Errm, St Neots, (thinking Great Paxton) ?

kathyis6incheshigh · 30/06/2009 22:06

Was it in the Fens? They are notoriously inbred - the customers in the shop were probably all closely related to the shop owners.

Clwc · 01/07/2009 10:54

I don't think the OP will give us the name of the village, but she is definitely not being unreasonable. It's shocking behaviour from people who should know better.

...and, victoria, I hope you're referring to North Wales. It's lovely here in South Wales. Even in the yucky parts of the big towns people are usually nice enough. The valley-dwellers are brilliant people!

AliGrylls · 01/07/2009 11:07

I think this is what is known as inverse snobbery.

coolma · 01/07/2009 13:28

Gosh I must be a in bred, ill mannered yobbo as my mother comes from March, right in the middle of the fens...that would count for the six toes on each foot then

GrendelsMum · 01/07/2009 16:37

It's somewhere north of Cambridge, isn't it?

But more seriously, there is a lot of deprivation in East Anglia, and I do feel sorry for some of the young people growing up there - Cambridge offers a constant stream of clever, apparently posh and rich people going off to high paid jobs, while a lot of young people from the region don't have the educational skills to take on any kind of decent employment. There are jobs for biotech engineers, and jobs for strawberry pickers, and very little in between. Meanwhile, the biotech engineers and strawberry pickers are pushing house prices up.

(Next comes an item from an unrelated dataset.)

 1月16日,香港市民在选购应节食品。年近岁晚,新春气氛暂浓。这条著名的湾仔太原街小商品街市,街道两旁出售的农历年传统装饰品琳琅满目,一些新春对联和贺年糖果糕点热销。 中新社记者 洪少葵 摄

Not that that in any way excuses bad behaviour, but I think it probably does explain it to some extent.

knockedgymnast · 01/07/2009 22:29

and to think I wanted to move BACK to Cambridge. Perhaps that says more about me than the place itself

FairLadyRantALot · 01/07/2009 22:36

Do you live in Royston Vasey (sp?)....
oh dear....definitely don't shop there again....

FairLadyRantALot · 01/07/2009 22:41

hehe...now that I read Cambridgeshire...it is not really Royston (not the Vasey kind, is it ....although that counts as Hertfordshire, iirc...

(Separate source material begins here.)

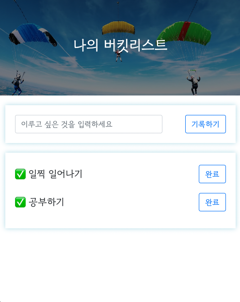 버킷리스트를 작성하고 기록하기 버튼을 누르면 버킷이 생기도록 하였다.

onebatmother · 01/07/2009 22:42

Fens is def odd. It's that low, low, wide, wide sky that seems to flatten the landscape - it's anxiety-inducing. That, and the fact that for a long time there was only one road out, which encouraged a diminishing gene pool (always check for more fingers than strictly necessary).

MamaHobgoblin · 01/07/2009 22:55

I was thinking somewhere in East Anglia when I started reading your post, so I wasn't too far off! Rural deprivation and a large international population (migrant farmworkers).

Don't mess with the Fens. I find the fenlands a scary, scary place. Disorienting, and you lose your bearings because there aren't any hills to navigate by, so you'd think the roads would run more or less straight from village to village, but they constantly make 90 degree turns because of all the ditches and dykes.

I think it's deliberate!

(no offence intended. I still find it a scary place, though.)